Details
-
Type:
Bug
-
Status: Open
-
Priority:
Major
-
Resolution: Unresolved
-
Affects Version/s: CDH4.5.0
-
Fix Version/s: None
-
Component/s: Parquet
-
Labels:None
Description
Table created with Hive:
CREATE TABLE IF NOT EXISTS complextable (
ind int,
map_col map<int,string>,
struct_col struct<key:int,value:string>,
array_col array<int>
)
ROW FORMAT SERDE 'parquet.hive.serde.ParquetHiveSerDe'
STORED AS INPUTFORMAT 'parquet.hive.DeprecatedParquetInputFormat'
OUTPUTFORMAT 'parquet.hive.DeprecatedParquetOutputFormat';
Reading with Pig:
parquet.pig.TupleConversionException: error while preparing converter for:
map_col: tuple({bag_0: {map: (key: int,value: bytearray)}})
optional group map_col {
}
at parquet.pig.convert.TupleConverter.newConverter(TupleConverter.java:128)

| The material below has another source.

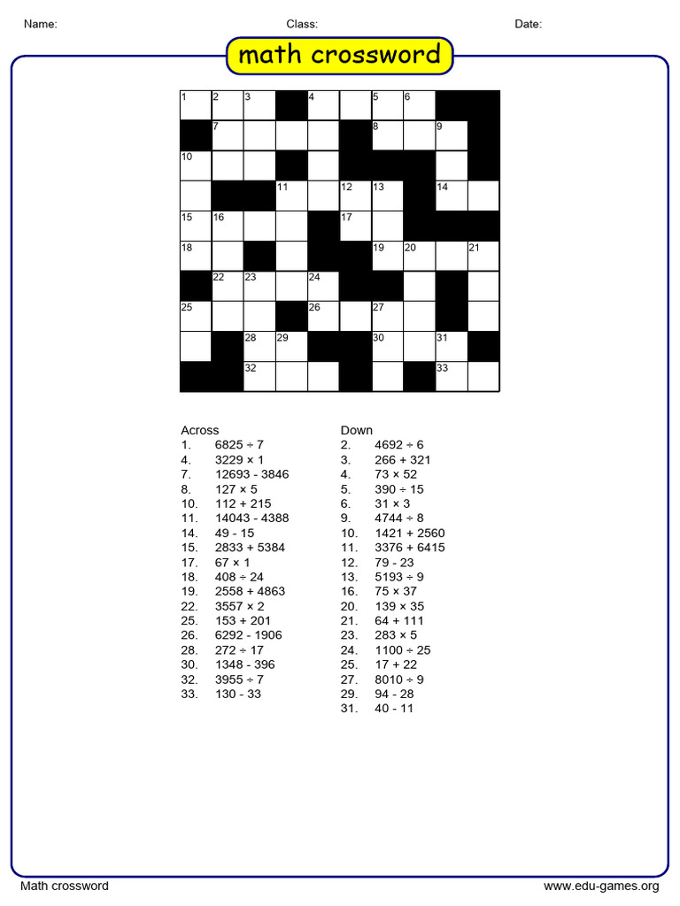 Math Crossword Puzzle Download Free PDF Puzzles Games Of Mental Skill

at parquet.pig.convert.TupleConverter.<init>(TupleConverter.java:77)
at parquet.pig.convert.TupleRecordMaterializer.<init>(TupleRecordMaterializer.java:30)
at parquet.pig.TupleReadSupport.prepareForRead(TupleReadSupport.java:166)
...
Caused by: java.lang.NullPointerException
at parquet.pig.TupleReadSupport.getPigSchemaFromFile(TupleReadSupport.java:80)
at parquet.pig.TupleReadSupport.prepareForRead(TupleReadSupport.java:107)
at parquet.hadoop.InternalParquetRecordReader.initialize(InternalParquetRecordReader.java:137)
The parquet-mr github site (https://github.com/parquet/parquet-mr) says the following about reading with Pig:
"If the data was stored using another method, you will need to provide the Pig schema equivalent to the data you stored (you can also write the schema to the file footer while writing it – but that's pretty advanced). We will provide a basic automatic schema conversion soon."